Il Casale knows its clientele well. This Italian newcomer to the suburban Boston dining scene perfectly marries regional home-style cooking that pleases and satisfies all palates with a finesse seen in the most high-brow establishments in Boston. Already showered with praise, Il Casale has garnered the appreciation of the James Beard Foundation, the Boston Globe, Boston Magazine, and Zagat – however, Chef Dante de Magistris has admirably avoided letting all of this hot air go to his head.
The restaurant is best described as vivacious. On a Saturday night, the front bar area was packed with local singles and the back dining room operated at a loud buzz. The exposed brick walls, smooth stone floor, industrial metal piping, large floor-to-ceiling windows, and open kitchen did nothing of course to muffle the noise, but each element added to the intended rustic-chic decor and boistrous vibe. The dining room is remarkably small with a few large wooden dining tables (each sparsely decorated with neatly folded dishcloth napkins); just off the open kitchen is a large chef’s table for 10, propped up with a beautiful view into the hustle and bustle.
The food is traditional authentic Italian cuisine focused on regional family-cooking.

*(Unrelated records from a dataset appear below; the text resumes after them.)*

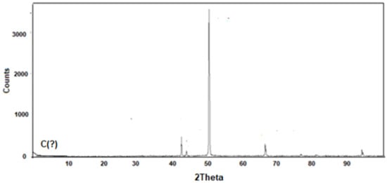 The electrochemical deposit of the alpha brass has been reported on steel substrate [22], which showed a peak at 2θ = 43°, corresponding to CuZn (111) with d = 2.096 A°. This deposition required the ionic liquid choline acetate. The XRD features of the laser peeling brass showed the (111), (200), (220), and (211) phases [81]; this material had an ultimate strength of 372 MPa, yield strength of 230 MPa, and with negligible fatigue fracture. The XRD pattern of the brass that has been subjected to carbon irradiation showed reflections at 41.7°, 42.6°, 48.59°, 62.46°, 71.62°, and 78.03° due to the (320), (111), (202), (600), (312), and (102) plane reflections, respectively [82]. In the ion flux ranging 56 × 1012 to 26 × 1013 ions/cm2, the XRD features have not shown any significant changes. The alpha and beta brasses were examined by XRD after electro polishing [83]. The “a” brass showed distinct peaks corresponding to (111), (200), (220), (311), and (222) and “b” brass showed reflections at (110) and (220). The electrodeposited Cu-Zn in alkaline solutions with D-Mannitol has been examined by XRD for the phases and morphology of the surface [84]. The XRD of the nanobrass, CuZn5, showed 2θ = 37.64°, 42.22°, 43.21°, 57.69°, 68.05°, 77.82°, and 83.27° [85]. The electrochemical deposition of the composite (Figure 4) shows similar 2θ features at 43.64°, 45.00°, 50.83°,65.47°, 74.75°, and 90.64°, with no reflection coming from carbon. The features observed with the present composite are nearly identical to that reported by Atay et al. [86,87,88,89] for the microstructure of brass alloys of the type Cu3.8Zn0.2 (low zinc content). Interestingly, the XRD features fit those of the face-centered copper cubic phase (JCPDS, copper file No. 04–0836 ASTM 03-1005 face-centered copper cubic phase) and zinc (JCPDS-00-004-083). The absence of carbon led us to examine in the literature whether the carbon insertion into metals are characterized by XRD. For example, in steel, where carbon is inserted into an iron atom the reflections from the different planes of the iron atom are reported with no carbon reflection visible. The new alloy does show 2θ reflections due to the composite indicating that the carbon is shielded in the structure. Since the Raman imaging (see Figure 5) shows the characteristic peaks due to the D and G band along with copper, it appears that the graphene planes are inserted into the composite.
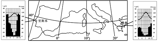 4、单选题 欧洲的里斯本、雅典两地气候类型相同,但两地测得的气温和降水量呈现出一定的差异。读图完成下列小题。
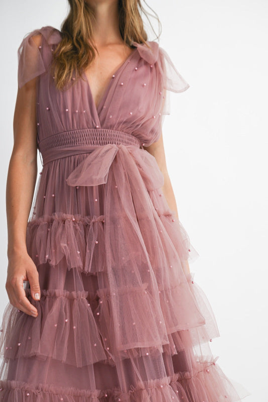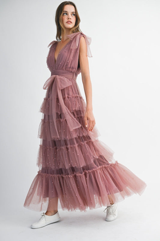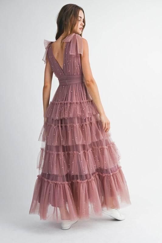 El vestido Domenica es delicadeza en su máxima expresión. Su tono mauve suave y su silueta larga de tul lo convierten en una prenda etérea, ideal para celebraciones donde la elegancia y el encanto se visten de sutileza.
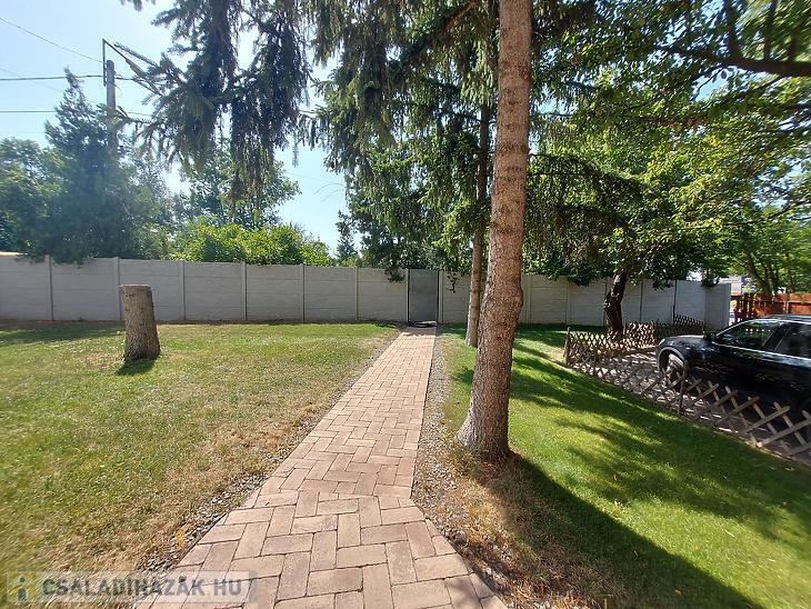 Az udvaron található egy 17 nm-es garázs szerelő aknával, valamint egy 20 nm-es fedett kocsibeálló is. A kert gondosan ápolt, örökzöldekkel és termő gyümölcsfákkal, ami igazán barátságossá teszi a környezetet.
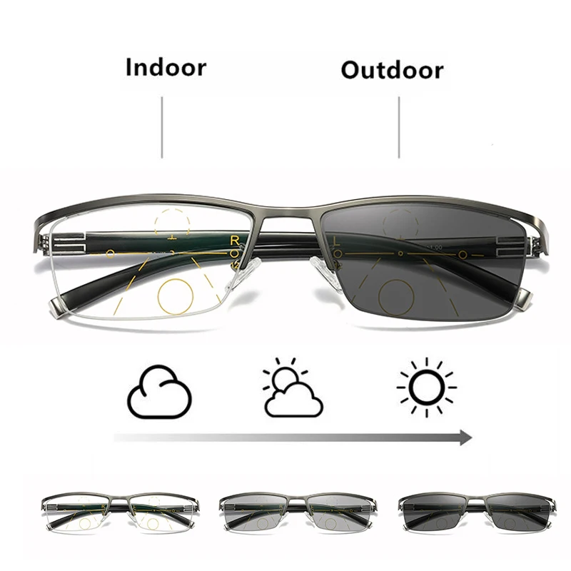 2020 Новейшие прогрессивные очки для чтения для мужчин и женщин мужчин анти-синий светильник фотохромные Мультифокальные пресбиопии очки полуоправа 1,5 2,0
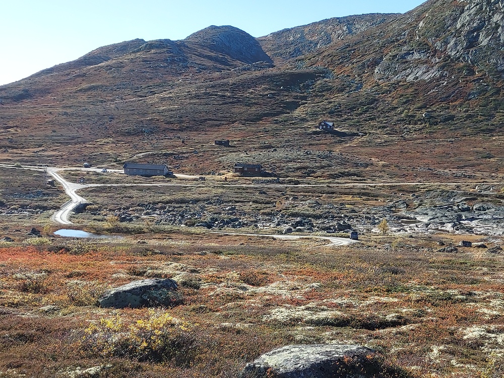 Jeg starter fra Parkeringen, følger veien oppover et stykke, vidre midt i bilde til jeg kommer til toppen av åsen. Det viste seg at de nye fjellstøvlene var litt romslig, lett å få gnagsår, 2 par nylon sokker løste problemet. Tiden jeg bruker opp åsen var ca 50 min med Ryggsekk på 10 kg, I morgen så kommer sovepose og mat i tillegg |
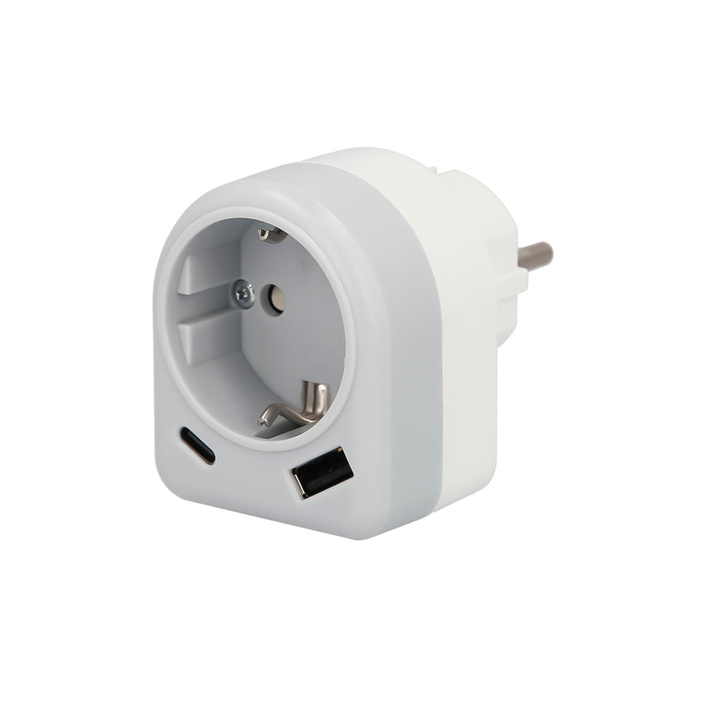 Enchufe / adaptador schuko con 2 tomas, USB a / c. potencia maxima 3680 w. cargador moviles, cargador 2 tomas, adaptador moviles
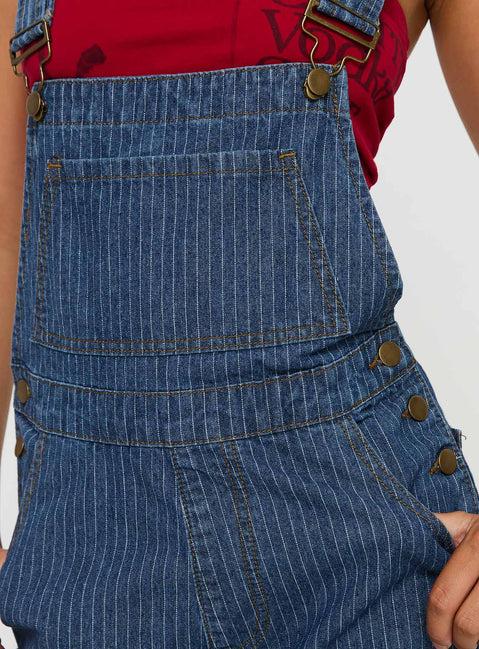 Kacey Short Overalls Mid Blue Pinstripe
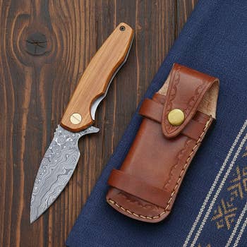 Description du couteau pliant : Couteau pliant en acier damas, couteau de poche damas, couteau damas personnalisé, lame à pointe clippée, couteau pliant à verrouillage arrière, plaquettes gravées en os de chameau, dos sculpté à la main, œillet pour dragonne, étui en cuir cousu main. Taille et mesures : • Longueur totale : 16,5 cm (6,5 pouces) • Longueur de la lame : 7,6 cm (3,00 pouces) (autorisé partout) • Épaisseur de la lame : 2,5 mm Autres caractéristiques : • Étui en cuir cousu main • Lame en acier damas tordue à 250 couches • Dos sculpté à la main • Gravure gratuite • Garde gravée • Bois de noyer • Acier à affûter

It’s refined but, at its core, very hearty and flavor-focused. The menu offers various antipasti to start, a range of pastas for either an appetizer or entree course, as well as main ‘secondi’ dishes and dessert. My family and I sampled four antipasti (the ‘greatest hits’ approach): pesciolini, burrata, maiale, and Romeo e Giulietta. The pesciolini, essentially fancy fried baby shrimp with crispy smelts and a fried lemon wheel, was made most interesting by the substitution of calamari for shrimp and the mellow fried lemon. Seeking seafood to start? This basic and zingy option will satisfy all. The burrata offered two dollops of wet and buttery mozzarella that just melts in your mouth. Of the utmost highest quality, this mild cheese bite shows how special cheese can be. The maiale, or pork meatballs, were ridiculously delicious for such mini-bites – watch out Andrew Carmellini, these moist and savory meatballs give yours a major run for your money. At just $5 each, I could eat these little antipasti all night long…

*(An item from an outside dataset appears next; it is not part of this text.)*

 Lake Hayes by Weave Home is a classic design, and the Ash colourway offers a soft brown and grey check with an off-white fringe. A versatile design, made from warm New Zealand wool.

The main courses tried were the cinque formaggi ravioli in sweet pea cream, the gnocchi primavera, the tagliatelle bolognese, and the Sicilian roast chicken. The ravioli was done right – the dough was thin and slightly slippery, no extra heft to distract from the velvety cheese interior and delicate sweet pea sauce. The gnocchi was similarly well-executed in a light pink sauce with a remarkably tasty spring vegetable ragout. The third pasta, the tagliatelle bolognese, received high marks from my father, who compared it to his favorite tagliatelle at the now defunct Armani Cafe (a compliment worth taking seriously). Lastly, the Sicilian roast chicken was a study in restaurant chicken prepared perfectly – juicy, succulent, flavorful; there wasn’t a bland wimpy wing or drumstick in sight.
Il Casale satiated without stuffing uncomfortably, pleased, even wowed with its high notes. The meal showed finesse and restraint and highlighted the notable skill of the kitchen. My entire family left excited by the notion of living just 20 minutes away from this popular new spot (complete with an expansive outdoor patio in clement weather). With something for everyone (accessible pasta dishes, small plates, bar bites, hefty entrees, silky sides, luscious desserts), Il Casale proved that it does in fact deserve the glowing praise showered upon it recently!